Ну что ж, «wir sind gewohnt, dass die Menschen verhonen was sie nicht verstehen» (Goethe).

И другое отношение – признается бесконечное множество трактовок, признается множественность правоты. Такие художники, как Гульд, при таком понимании исполнительства – счастье открытия новых миров, удивление чуду.

Однако не всякое исполнение может считаться правым, достойным звания искусства, интерпретации.

Не всякая игра – трактовка.

То есть неизмеримо более широкие, чем в первом случае, но все-таки рамки, границы «дозволенного» есть и здесь. Да это и понятно – в противном случае это была бы не концепция, а шарлатанство. Именно на вопрос о том, где границы дозволенного, мы и должны обратить особое внимание, и особенно с точки зрения самого интерпретатора.

Итак, где рамки? Что можно и чего нельзя (пользуясь упрощенной терминологией)? Можно ли ответить на этот вопрос ясно и определенно, одним понятием? По-моему, да. И решать задачу нужно, не возвращаясь к бесплодному спору о субъективных и объективных исполнителях. Нужно оговорить те условия, при которых данная трактовка не имеет права на жизнь.

Первое – игра как попало. К сожалению, весьма распространенное явление среди учащихся. Пьеса выучивается «снаружи» – ноты, какие-то динамические оттенки (напоминает раскрашивание теми карандашами, которые оказались под рукой), игра в «каком-то» темпе. Ни одной ноты от себя. Полная неубежденность ученика в том, что он делает, полная обезличенность.

Естественно, что такое исполнение не может называться интерпретацией, строго говоря, – это вообще не исполнение. И только людей нечутких могут сбить с толку лживые фразы – «я так себе представляю», «это моя трактовка», «моя индивидуальность», которыми легко было бы прикрыться, если бы не обличала музыка – детектор лжи. Педагог же обязан чётко различать игру как попало и пусть плохую игру, в котором многое мешает осуществлению замысла самого исполнителя, сам замысел которого неудачен, но исполнение от себя, не случайное, а продуманное и прочувствованное, неравнодушное.

Идя на какие-то изменения нотного текста, необходимо знать тот вариант, который указан в нотах. Изменения ни в коей мере не должны основываться на незнании, ибо тогда это и будет один из видов игры как попало, а концепция будет подменена случайностью.

Тут я должен оговориться – под вариантом, указанным в нотах, имеется в виду издание, которому исполнитель доверяет.

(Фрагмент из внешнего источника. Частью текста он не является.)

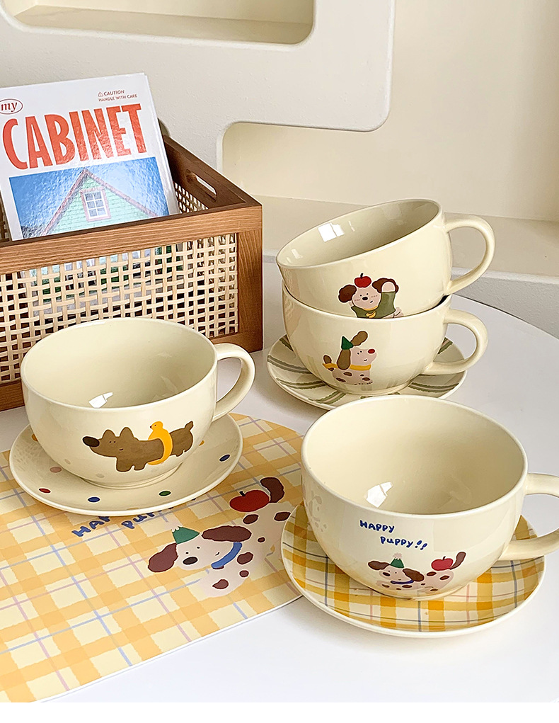 调小狗创意泡面碗带盖大容量带手柄陶瓷
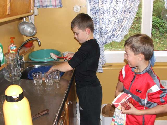 Også oppvasken måtte alle hjelpe til med.

Ясно, что это требует отбора и знания нескольких редакций. Безусловно, игра по первому попавшемуся изданию будет также игрой как попало.

К сожалению, с редакциями дело обстоит неважно. Здесь против исполнителя выступает и редкость и малодоступность настоящих изданий (Urtext'ов и исторических редакций, т.е. редакций, сделанных выдающимися личностями), и обилие «кормушечных» редакций – чтобы получить деньги за редакцию, надо внести в текст «в педагогических целях» какие-то «разъяснения» – и вот текст покрывается вилочками, расшифровками мелизмов прямо над соответствующими местами, аппликатурой и т.д., и т.п. (хорошо, если в скобках). От всего этого рябит в глазах, затрудняется чтение, загружается мозг отсевом наносного. А если эта «кашица» попадёт в руки не-сформировавшегося музыканта? Разве это научит его мыслить самостоятельно? Это приведет к паразитизму мышления.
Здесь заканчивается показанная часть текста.